Isolated perfused mouse lung (IPL) were prepared from male C57Bl6, tet-O-Cre^tg/⁻;SMA-rtTA^tg/⁻:PTEN^fl/fl, and tet-O-Cre^tg/⁻; SMA-rtTA^tg/⁻;PTEN^WT/WT mice as previously described.²² In brief, mice were anaesthetized with 250 mg/kg avertin via IP injection, depth of anaesthesia was confirmed by toe pinch. Following anaesthesia and tracheotomy the heart was catheterized and pulmonary artery pressure (PAP) was recorded continuously. Lungs were only included in the study if perfusion pressure was stable and below 20 cm H₂O during the initial 10 min of baseline perfusion and if lungs showed no macroscopic signs of hemorrhage, atelectasis, or edema.

2.3 Cell culture

PASMCs, culture media kits (SmGM-2 BulletKit, CC-3182) and subculture supplies including HEPES buffered saline solution (CC-5024), trypsin/EDTA solution (CC-5012) and trypsin neutralizing solution (CC-5002) were purchased from Lonza (Clonetics PASMC, Lonza, Basel, Switzerland). Cells were cultured according to manufacturer’s instructions and used within the first six passages of growth from three different batches.

2.4 Protein extraction

Cells were grown to confluence and treated as indicated in text, then lysed following standard protocols. Protein concentration was measured by BCA assay (Thermo Fischer Scientific, Waltham, MA) and samples were stored at −80 °C.

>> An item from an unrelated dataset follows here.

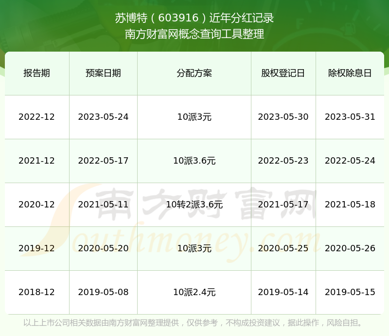 蘇博特最新一次公布的分紅方案為10派3元。本次權(quán)益分派股權(quán)登記日為2023年5月30日,除權(quán)除息日為2023年5月31日,派息日為2023年5月31日。
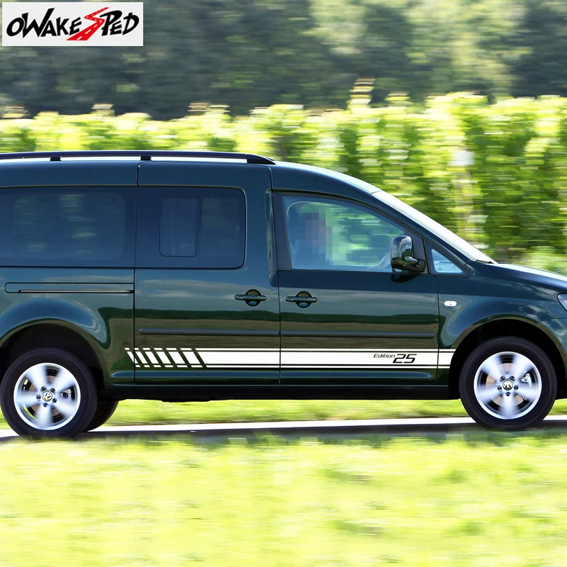 Версия 25, стильные автомобильные спортивные полосы, виниловые наклейки, автомобильные двери, боковая юбка, декоративные наклейки для Volkswagen Caddy, внешние аксессуары

2.5 Hypoxia exposure in vitro

Experiments for hypoxia exposure of PASMC were performed in a custom-built hypoxia chamber. After 5 min of hypoxia cells were lysed following standard protocols and placed on ice immediately.

2.6 Western blotting

The following antibodies were used following standard western blotting procedures: TRPC6 1:1000—Alomone Lab, Jerusalem, Israel: ACC-017²³; PTEN 1:1000—Cell Signaling, Boston, MA: 9552S²⁴; GAPDH 1:1000—Santa Cruz, Dallas, TX: sc-25778; Caveolin-1 1:500—BD Biosciences, San Jose, CA: 610407.

2.7 Immunoprecipitation

One millilitre PASMC lysate was rotated with 20 µL Protein A/G beads (GE Healthcare, Mississauga, ON) for 30 min at 4 °C for pre-clearance. After centrifugation at 6000 rpm and 4 °C for 1 min the supernatant was collected, 1:100 anti-PTEN (Cell Signaling, Boston, MA: 9552S) was added to 750 µg total protein sample, and samples were rotated overnight at 4 °C. The next day, 25 µL of Protein A/G beads (GE Healthcare, Mississauga, ON) was added and samples were kept rotating for 1 h. Beads were washed thrice with lysis buffer and boiled with 30 µL Laemmli buffer (BioRad, Canada).

2.8 Ca²⁺ imaging in PASMC

Changes in PASMC [Ca²⁺]_i were measured as previously described.¹⁶ PASMCs cultured on coverslips were loaded with HBSS containing 5 µmol/L fura-2-acetoxymethyl ester (fura-2AM) (Life Technologies, Carlsbad, CA) dissolved in Pluronic F-127 (20% solution in DMSO) (Life Technologies, Carlsbad, CA), then mounted in a heated chamber (Warner Industries; Saint-Laurent, QC, RC-21B + PH-2) at 37 °C. Fura-2 fluorescence was excited by monochromatic illumination (Polychrome V; TillPhotonics, Victor, NY) at λ = 340 and 380 nm and collected at an emission wavelength of 510 nm via a custom-built upright fluorescence microscope equipped with appropriate dichroic and emission filters and a digital camera. After background correction, the 340/380 ratio was calculated using TillVision 4.0 software (Till Photonics, Germany).

2.9 siRNA transfection

PASMC were seeded on 6-well plates. At 70% confluency cells were transfected with siRNA (On Target PTEN siRNA and non-targeting control; Dharmacon, Ottawa, ON) using Effectene Transfection Reagent from Qiagen (Toronto, ON) according to manufacturer’s instructions.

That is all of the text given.